EDITORIAL

Internacionalización

Hace no muchos años, para convencer a un pequeño empresario español de que debía preocuparse de qué pasaba fuera de nuestras fronteras, le recordábamos que un porcentaje no despreciable del producto que compraba venía del exterior y que, por tanto, la evolución del dólar era relevante para su negocio, aunque sus clientes y proveedores trabajasen en el pueblo vecino. Hoy ya no hace falta "vender" la idea de la internacionalización de la actividad económica: todo el mundo sabe que su mercado es el mundo, que sus competidores son todos los demás, y que todo lo que pase fuera de nuestras fronteras puede ser relevante.

Y no sólo a la hora de producir, comprar o vender: la internacionalización supone "otra" manera de dirigir, que acaba penetrando toda la cultura de la empresa, mediante complejos procesos de aprendizaje. A la postre, como explica Carlos García Pont en el primer artículo de este número de la Revista de Antiguos, la internacionalización acaba dando lugar a distintos sistemas de dirección.

Es obvio, por otro lado, que meterse en procesos de internacionalización supone asumir importantes riesgos.

En su colaboración, Africa Ariño y Joaquim Vilà explican cómo la búsqueda de un socio adecuado permite hacer frente a los peculiares riesgos del entorno político, social, cultural y económico de Rusia.

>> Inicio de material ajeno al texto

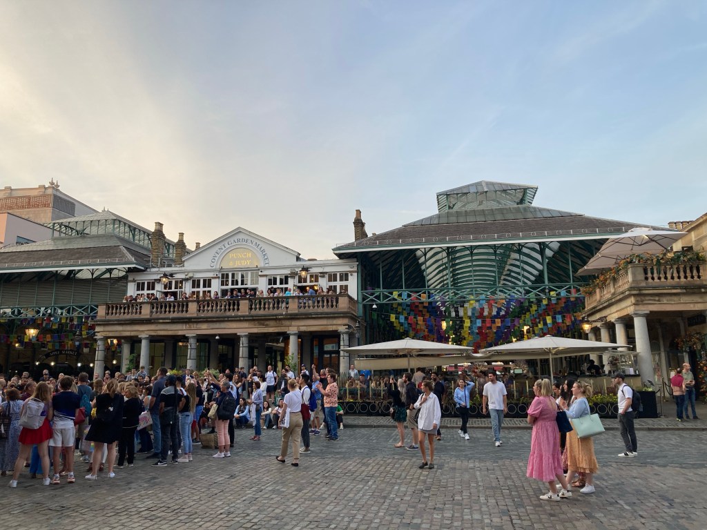 I try and fail to resist napping and before I know it it’s 8:00 PM. But no matter, because this is London, and nothing ever truly shuts down in London, and Seven Dials and Covent Garden (which I like to be silly about and call things like Convent Garden and Convenient Garden and Coven Garden) are still positively bumping when we get there. We dip into a chippy and get a delicious plate of fish and chips and a side salad. If you don’t get fish and chips within your first twelve hours in the UK, are you really in the UK?

Carlos Sánchez-Runde y Javier Quintanilla apuntan a un nivel más profundo, a los problemas creados por la internacionalización en el núcleo interno de la empresa, es decir, en la dirección de las personas. El choque de la cultura empresarial con la pluralidad de actitudes y valores propios de una empresa verdaderamente global y con las culturas nacionales correspondientes, exige una actitud responsable y decidida de la dirección para hacerle frente.

En el último artículo, Magdalene Rosenmöller da cuenta de una experiencia de internacionalización, en que participaron directamente varios profesores e investigadores del IESE, a raíz de un programa de desarrollo del proceso de reforma sanitaria en los países del centro y este de Europa.